That's the most interesting quote I find. It poses a paradox. What makes a
person awful and toxic? Are there common personality traits to this? Are there
biological causes?

Do we need a new pathology for this? Toxipath?

She later mentions this:

> I think it’s important to hold people responsible for their actions, not
> brain formation. People make choices. Psychopathy is not an excuse, and it’s
> definitely not a reason why someone does bad things.

So what are those reasons then? And what are those bad things? And what
mechanism governs one's choices?

It does seem to me like psychopaths, by definition, lack all natural controls
which would allow them to know what the bad things are and that they shouldn't
choose to do them.

Thus, they need social controls instead. Like, society has to make it easier
to achieve her goals through good means, and make it very hard to do so
through bad means. Otherwise she has no means of containment. She does not
fear, she does not rejoice. She does not regret or feel guilt. She does not
hope and dream.

That said, what are her goals? What drives a psychopath? Adrenaline rush
alone? That's what she hints at.

Finally, I noticed the quoted doctor goes out of his way to mention a
spectrum. And that he'd only classify of psychopath the more extreme cases, at
the far end of it. For those, he says all four traits must be clearly
demonstrated. And those by definition mention:

> take pleasure in hurting others

> are physically aggressive

Which are arguably at the top of the list for "bad things".

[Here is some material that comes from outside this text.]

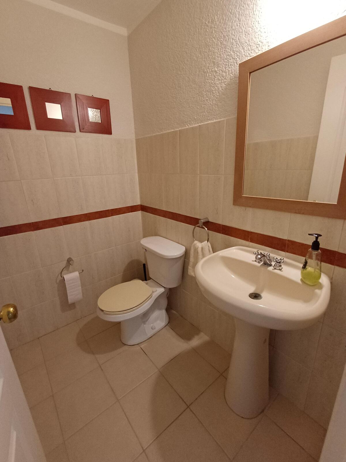 Tiene hall de entrada, medio baño de visitas, sala con vista al jardĂn y al campo de golf, comedor con un closet para guardar mantelerĂa, copas, etc., cocina equipada, antecomedor con vista al jardĂn.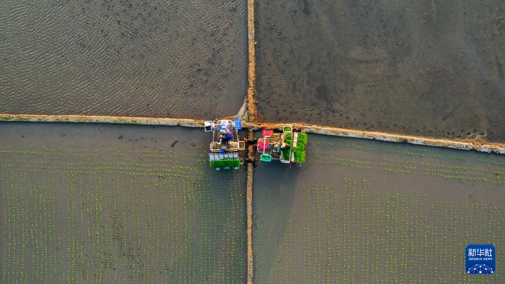 5月26日,在吉林省吉林市永吉县鑫丰种植农民专业合作社,农民驾驶农机进行水稻插秧(无人机照片)。

So purely from the quoted doctor, if she does not have those traits, she's
probably not high enough on the spectrum to be labeled a psychopath. At least
not based on the quoted doctor's diagnostic model.

------
perakojotgenije
> I have no comprehenion of why people enjoy opioids. We also can’t get
> addicted to things because of the way our brain works. There are psychopaths
> that use drugs, but you can cut them off cold turkey and they will not have
> any withdrawal. They don’t have any cravings, and they can just go on with
> their day like it was nothing.

This is the first time I've seen it explained by someone else but it's how I
feel all the time. Makes me wonder...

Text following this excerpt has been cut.